TASK PROMPT
Beginning with the line containing "Set de 2 piezas: Sudadera" and going on through the line containing "Säg hejdå till", the lines below are to be returned exactly, pictures excluded and nothing added.

DATASET ENTRIES
◆ ◆ ◆
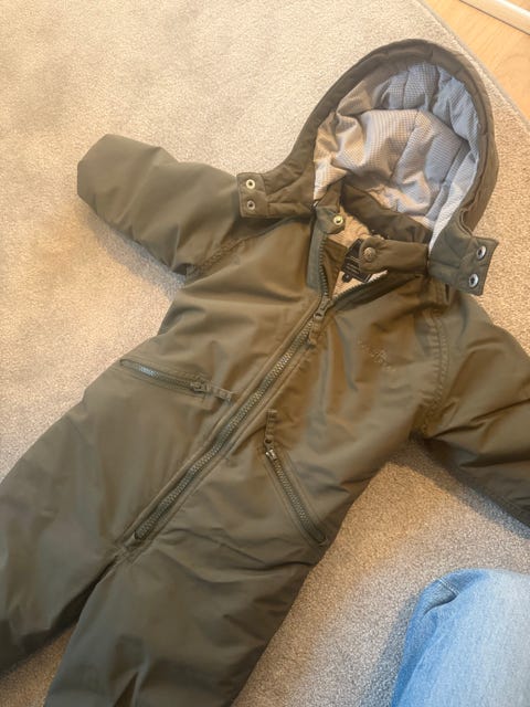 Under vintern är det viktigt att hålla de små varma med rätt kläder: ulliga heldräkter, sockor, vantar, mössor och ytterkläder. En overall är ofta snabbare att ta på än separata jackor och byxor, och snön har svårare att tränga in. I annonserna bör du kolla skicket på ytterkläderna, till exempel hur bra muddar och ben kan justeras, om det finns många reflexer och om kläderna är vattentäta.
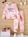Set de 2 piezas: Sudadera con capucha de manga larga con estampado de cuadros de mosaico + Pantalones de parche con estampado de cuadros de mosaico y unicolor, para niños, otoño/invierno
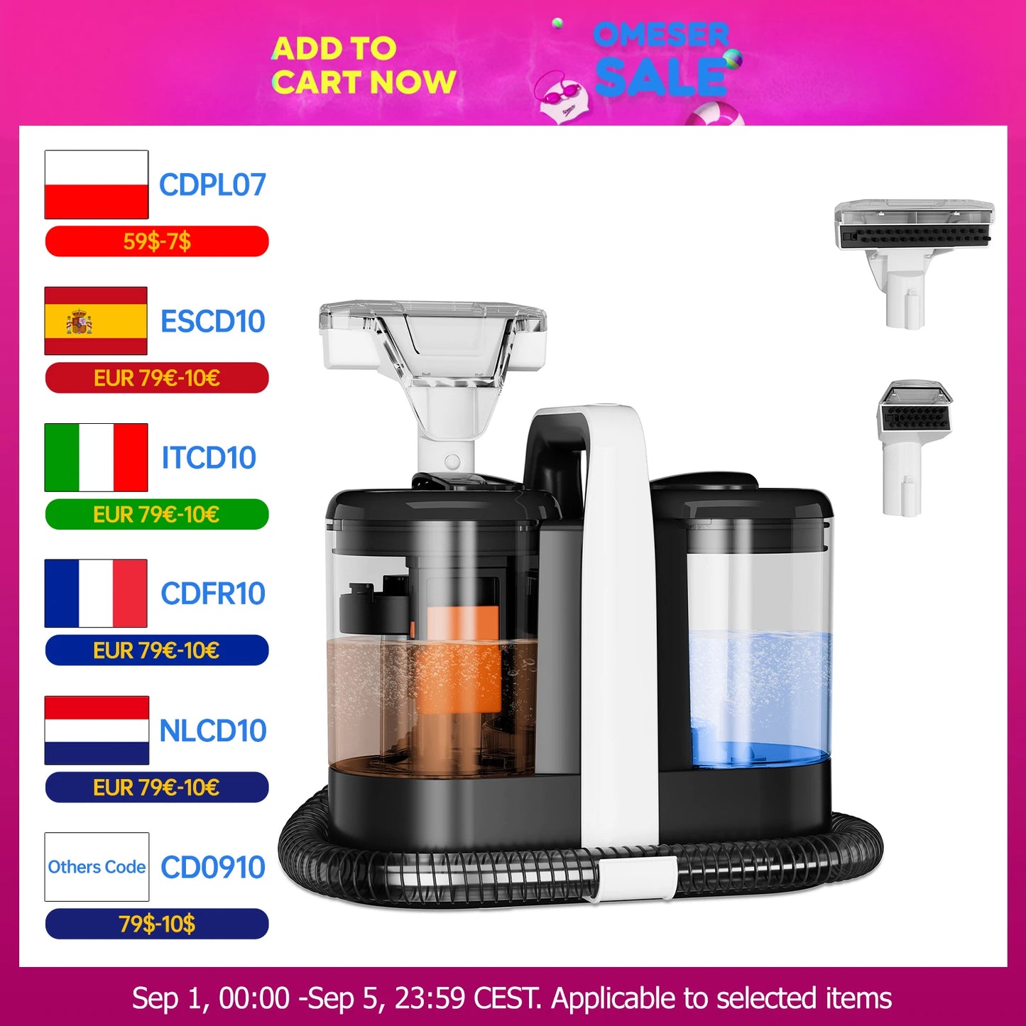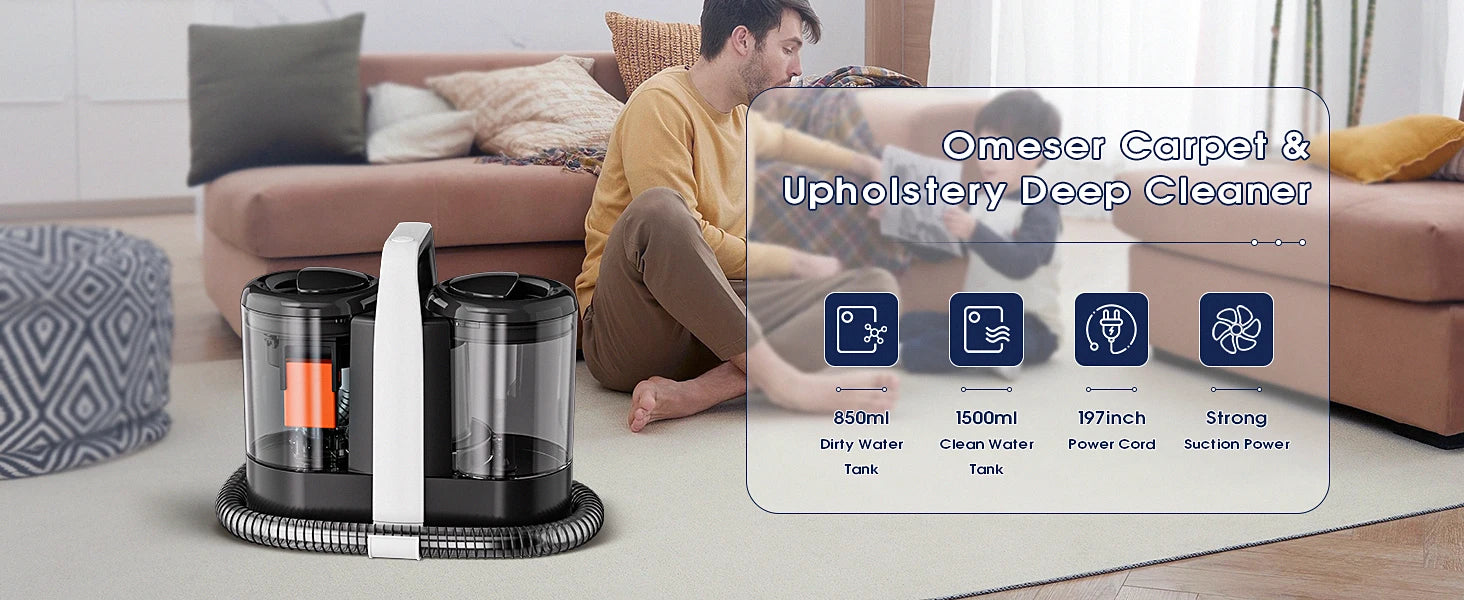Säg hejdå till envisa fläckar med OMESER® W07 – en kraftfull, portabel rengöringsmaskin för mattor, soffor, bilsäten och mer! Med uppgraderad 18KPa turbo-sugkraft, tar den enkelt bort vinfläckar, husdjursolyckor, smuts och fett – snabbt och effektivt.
◆ ◆ ◆
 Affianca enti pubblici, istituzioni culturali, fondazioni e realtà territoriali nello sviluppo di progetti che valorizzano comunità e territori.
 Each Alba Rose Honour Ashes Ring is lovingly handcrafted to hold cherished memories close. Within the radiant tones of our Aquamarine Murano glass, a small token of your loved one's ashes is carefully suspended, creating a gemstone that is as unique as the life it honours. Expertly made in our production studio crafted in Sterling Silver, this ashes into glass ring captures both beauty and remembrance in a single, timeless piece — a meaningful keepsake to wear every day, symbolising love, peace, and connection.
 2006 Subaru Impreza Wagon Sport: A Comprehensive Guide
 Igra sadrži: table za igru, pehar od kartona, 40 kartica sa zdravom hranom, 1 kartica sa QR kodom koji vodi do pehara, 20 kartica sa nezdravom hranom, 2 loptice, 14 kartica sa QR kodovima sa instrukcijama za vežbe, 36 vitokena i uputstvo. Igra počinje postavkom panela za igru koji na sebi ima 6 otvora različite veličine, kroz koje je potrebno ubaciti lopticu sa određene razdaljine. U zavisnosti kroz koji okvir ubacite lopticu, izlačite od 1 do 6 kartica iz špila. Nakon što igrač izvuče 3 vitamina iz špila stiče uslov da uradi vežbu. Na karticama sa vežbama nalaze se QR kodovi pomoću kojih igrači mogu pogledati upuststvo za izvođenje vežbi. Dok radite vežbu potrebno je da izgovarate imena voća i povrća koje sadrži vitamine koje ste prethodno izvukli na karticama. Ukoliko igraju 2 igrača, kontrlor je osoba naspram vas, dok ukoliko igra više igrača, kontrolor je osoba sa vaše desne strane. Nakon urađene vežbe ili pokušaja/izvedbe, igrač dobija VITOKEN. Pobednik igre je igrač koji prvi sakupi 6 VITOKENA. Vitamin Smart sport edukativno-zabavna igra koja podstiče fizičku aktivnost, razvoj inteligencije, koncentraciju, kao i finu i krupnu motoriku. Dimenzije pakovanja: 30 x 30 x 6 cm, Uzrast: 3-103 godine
◆ ◆ ◆
YOUR RESPONSE
Set de 2 piezas: Sudadera con capucha de manga larga con estampado de cuadros de mosaico + Pantalones de parche con estampado de cuadros de mosaico y unicolor, para niños, otoño/invierno
Säg hejdå till envisa fläckar med OMESER® W07 – en kraftfull, portabel rengöringsmaskin för mattor, soffor, bilsäten och mer! Med uppgraderad 18KPa turbo-sugkraft, tar den enkelt bort vinfläckar, husdjursolyckor, smuts och fett – snabbt och effektivt.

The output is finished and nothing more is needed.